Repeat exactly, and only, the lines of the entries below from the one with "StP Bromo (7" through the one with "如果若干功能由相同的事件触发", both ends included.

### EXERCISE INPUT
- - - -
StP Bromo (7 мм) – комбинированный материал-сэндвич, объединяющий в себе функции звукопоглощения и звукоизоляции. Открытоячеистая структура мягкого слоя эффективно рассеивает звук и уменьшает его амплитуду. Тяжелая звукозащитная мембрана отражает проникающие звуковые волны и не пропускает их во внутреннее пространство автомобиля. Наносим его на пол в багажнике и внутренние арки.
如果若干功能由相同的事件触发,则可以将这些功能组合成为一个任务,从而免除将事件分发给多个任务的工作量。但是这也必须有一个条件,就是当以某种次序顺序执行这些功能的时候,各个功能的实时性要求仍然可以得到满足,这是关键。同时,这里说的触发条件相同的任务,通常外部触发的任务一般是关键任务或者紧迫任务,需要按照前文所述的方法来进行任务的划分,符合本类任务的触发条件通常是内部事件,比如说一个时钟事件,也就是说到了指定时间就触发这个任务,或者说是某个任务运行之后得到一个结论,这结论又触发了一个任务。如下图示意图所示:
- - - -
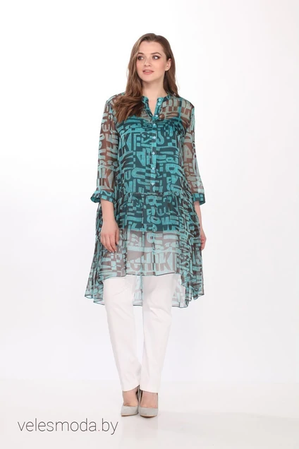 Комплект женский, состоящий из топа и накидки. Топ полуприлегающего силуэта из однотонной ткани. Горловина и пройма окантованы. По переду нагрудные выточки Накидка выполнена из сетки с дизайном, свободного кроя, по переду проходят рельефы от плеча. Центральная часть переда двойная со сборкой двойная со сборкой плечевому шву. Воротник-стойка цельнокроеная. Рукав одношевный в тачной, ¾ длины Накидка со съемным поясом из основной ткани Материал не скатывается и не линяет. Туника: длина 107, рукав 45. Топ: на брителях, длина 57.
- - - -
### SOLVED EXERCISE
StP Bromo (7 мм) – комбинированный материал-сэндвич, объединяющий в себе функции звукопоглощения и звукоизоляции. Открытоячеистая структура мягкого слоя эффективно рассеивает звук и уменьшает его амплитуду. Тяжелая звукозащитная мембрана отражает проникающие звуковые волны и не пропускает их во внутреннее пространство автомобиля. Наносим его на пол в багажнике и внутренние арки.
如果若干功能由相同的事件触发,则可以将这些功能组合成为一个任务,从而免除将事件分发给多个任务的工作量。但是这也必须有一个条件,就是当以某种次序顺序执行这些功能的时候,各个功能的实时性要求仍然可以得到满足,这是关键。同时,这里说的触发条件相同的任务,通常外部触发的任务一般是关键任务或者紧迫任务,需要按照前文所述的方法来进行任务的划分,符合本类任务的触发条件通常是内部事件,比如说一个时钟事件,也就是说到了指定时间就触发这个任务,或者说是某个任务运行之后得到一个结论,这结论又触发了一个任务。如下图示意图所示:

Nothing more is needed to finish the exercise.